Touchstone Laboratory Rediscovering Its Core
By JOSELYN KING
Touchstone Research Laboratory, based in Triadelphia, has always reached for the sky — and mostly the aerospace industry — to sell the products it creates, develops and manufactures.
But the year 2020 and the COVID-19 pandemic had the company looking inward and rediscovering its roots in metal and steel fabrication.
Brian Joseph, president and CEO of Touchstone Research Laboratory, said 2020 affected the business “in a funny way.”
“This whole COVID thing hit hard, and we didn’t experience it in the same time frame as everyone else,” he said. “The first thing we noticed, everybody stopped calling. The world went silent for us, and we went, ‘That’s just strange.'”
Many Touchstone clients are in the aerospace industry and utilize composite parts produced by Touchstone.
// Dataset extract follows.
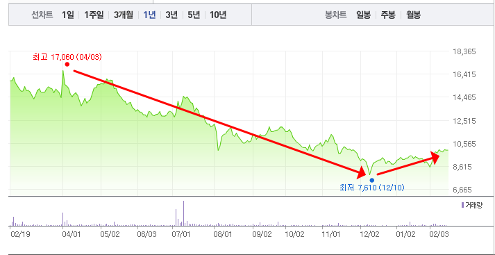 - 52주최고가/최저가: 17,060원/7,610원

With fewer people flying, and with less commerce, there wasn’t as much of a call by the aerospace industries for Touchstone’s products.
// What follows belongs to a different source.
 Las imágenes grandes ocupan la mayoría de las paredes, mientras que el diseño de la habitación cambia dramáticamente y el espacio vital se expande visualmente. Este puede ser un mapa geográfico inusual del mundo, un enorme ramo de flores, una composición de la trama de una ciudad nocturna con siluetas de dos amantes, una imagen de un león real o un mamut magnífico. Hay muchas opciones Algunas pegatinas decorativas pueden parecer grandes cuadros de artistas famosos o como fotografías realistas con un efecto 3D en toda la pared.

“We had some deep discussions and asked ourselves, ‘how do we bring in work that isn’t reliable on the aerospace industry?” Joseph said. “We broadened our base, and took on some additional things.
“We changed some of our offerings, and started making more things out of metal. There are people who wanted that, too.”
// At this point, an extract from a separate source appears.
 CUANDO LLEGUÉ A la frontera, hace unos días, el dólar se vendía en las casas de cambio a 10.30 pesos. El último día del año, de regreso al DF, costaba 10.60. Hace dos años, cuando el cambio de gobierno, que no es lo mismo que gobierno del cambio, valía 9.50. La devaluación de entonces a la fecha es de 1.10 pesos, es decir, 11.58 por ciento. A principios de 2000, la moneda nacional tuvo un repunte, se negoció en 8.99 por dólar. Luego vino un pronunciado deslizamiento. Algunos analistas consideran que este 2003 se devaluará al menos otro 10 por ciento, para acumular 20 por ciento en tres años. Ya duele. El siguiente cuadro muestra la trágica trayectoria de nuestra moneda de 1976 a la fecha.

The aerospace industry and others continue to need metal fixtures to surround composite parts, he said.
“There is a whole market for that,” Joseph said. “We used to do more of that. But when the composite things were doing so well, we just focused on that.”
Touchstone next shifted its direction and set up a separate steel fabrication facility in Wheeling’s Peninsula Industrial Park.
“We had most of that (production line) here, but we weren’t using it,” Joseph said. “Now that becomes a significant piece of the business again.”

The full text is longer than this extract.